This is a normal, healthy behavior. If we had to stop and
consider or manually cause every single action in our lives,
we'd be slow moving creatures indeed. That said, there are times
that this tendency can give us trouble. It isn't so much a
direct problem as an indirect one of allowing stresses to build
up without really analyzing them. We go through our lives every
day with tiny stresses coming up again and again, and we don't
always take the time to consider how we can deal with them or
even where they come from, because of our automatic acceptance of
Today, let's focus on redirecting that routine. Just as the mind
can adopt behaviors as automatic, it can be made to think about
them and break them down into meaningful pieces of information.
To that end, we're going to look at a life-building habit called
a Stress Log.
What is a Stress Log?
In short, a stress log is a record of our day and the activities
in it.
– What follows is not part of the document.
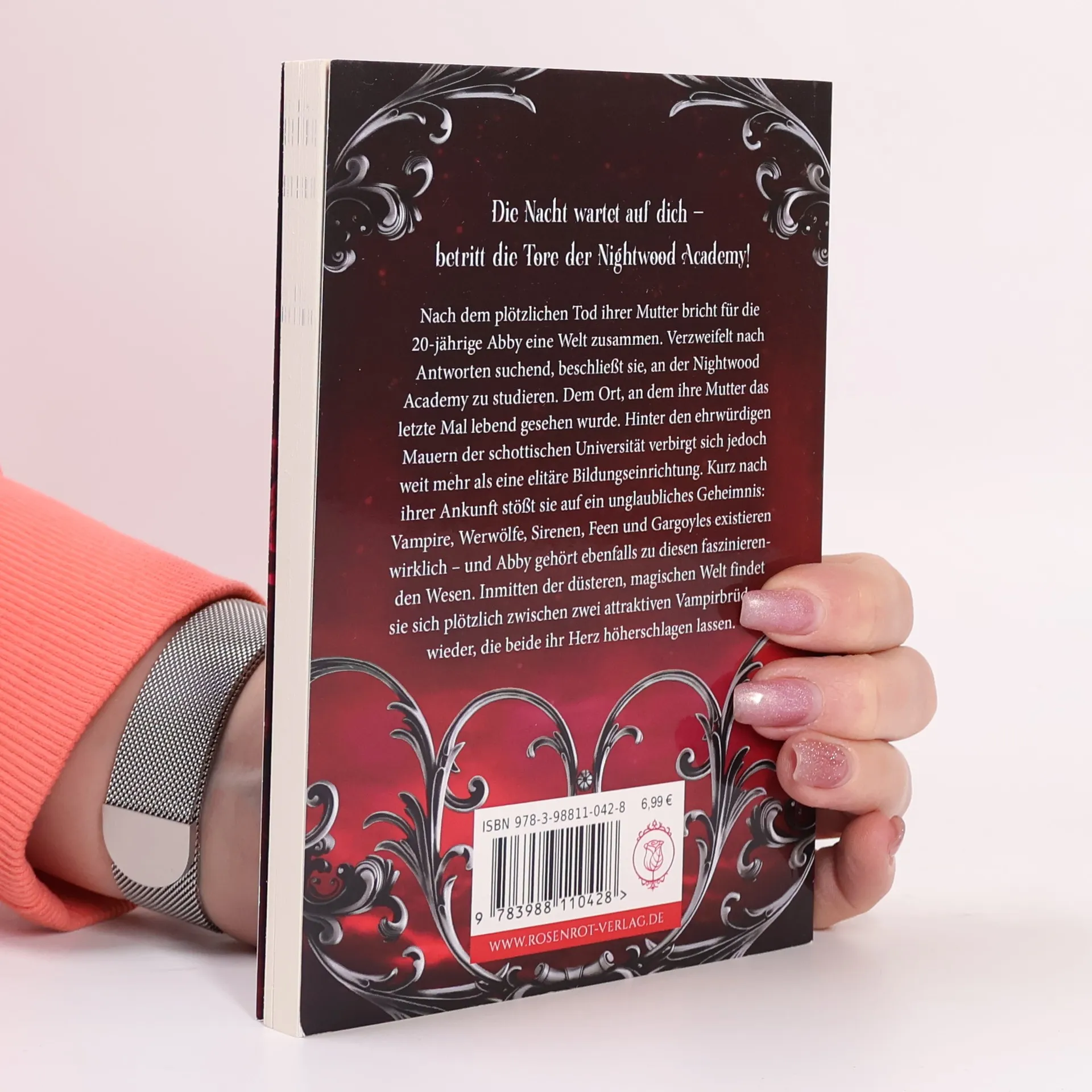 „Die Nacht wartet auf dich“ entführt die 20-jährige Abby an die Nightwood Academy, wo sie nach dem Tod ihrer Mutter Antworten sucht. Dort entdeckt sie eine Welt voller Vampire, Werwölfe und mehr – und ihre eigene besondere Verbindung zu diesen Wesen. Zwischen zwei Vampirbrüdern entfaltet sich ein spannendes Abenteuer.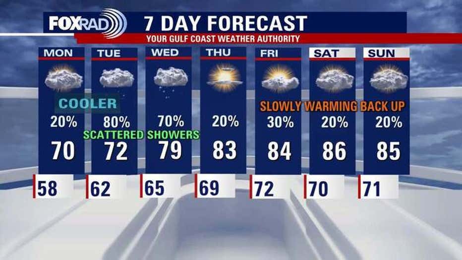 Behind the weekend front, temperatures drop into the 70s with more clouds and a noticeable decrease in humidity.

The record begins when we wake up, and takes account of
everything we encounter and do throughout the day so that later
we can look at the information and make healthy decisions about
it. The first step in any process of building a habit is
knowledge, after all.
The exact form the stress log takes isn't important. It can be a
program in our Smartphone, a document on the computer, or a
physical book. What is most important is that it is something we
are comfortable using on a regular basis and can easily access.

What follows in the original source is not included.